Many formulas have been developed to estimate glomerular filtration rate (GFR). The aim of our study was to propose a new, more reliable equation.

The study considered 530 subjects (training sample) with M/F 280/250, age 57.1 +/- 17.4, creatinine clearance (CrCl) 55.2 +/- 38.2 (range 2.1-144.0) for the development the new equation. A linear model was used to describe Cr production using serum Cr (sCr), age, and body weight (BW) as variables: (CrCl + b(4)) . sCr = b(1) - (b(2) . age) + (b(3) . BW) subsequently estimating parameter values by linear least squares, with CrCl as the dependent variable, and 1/sCr, age/sCr, BW/sCr as independent variables. CrCl = {[69.4 - (0.59 . age) + (0.79 . BW)]/sCr} - 3.0 (males) and {[57.3 - (0.37 . age) + (0.51 . BW)]/sCr} - 2.9 (females). A 229-patient renal failure validation sample with M/F 166/63, age 53.0 +/- 14.8, GFR 32.0 +/- 14.3 (range 4.3-69.8), assessed using iohexol Cl, was considered to compare the Cockcroft-Gault (C-G) and MDRD formulas with the new equation for estimating GFR.

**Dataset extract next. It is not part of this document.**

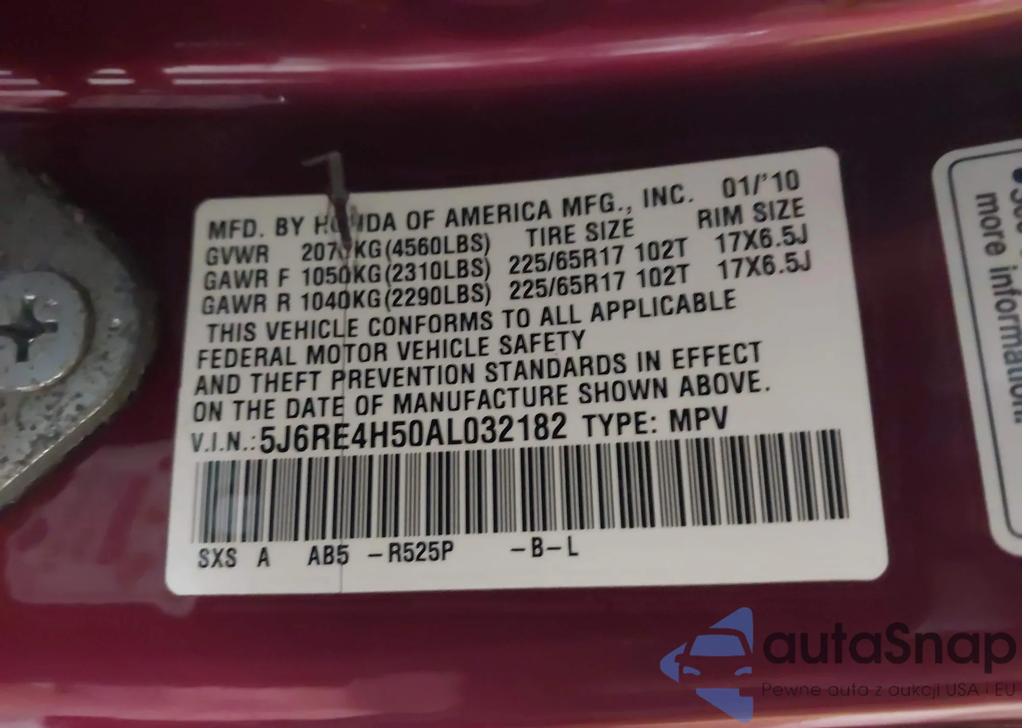 • VIN 5J6RE4H50AL032182

The mean % error in GFR estimated by the new equation (+2.3 +/- 28.3%) was better than with the C-G and MDRD formulas (+5.2 +/- 30.1% and -11.4 +/- 25.9%, respectively, p < 0.0005 and p < 0.0001), and so was the mean absolute % error, bordering on statistical significance (19.8 +/- 20.3 vs. 21.1 +/- 22.0 and 22.4 +/- 17.3, p = 0.08 and p < 0.005). The precision was also better (RMSE = 7.89 vs. 8.02 and 9.13). The Bland-Altman test showed no GFR over or underestimation trend (measured +/- predicted GFR/2 vs. % error, R2 = 0.001).

The new equation appears to be at least as accurate as the C-G and MDRD formulas for estimating GFR.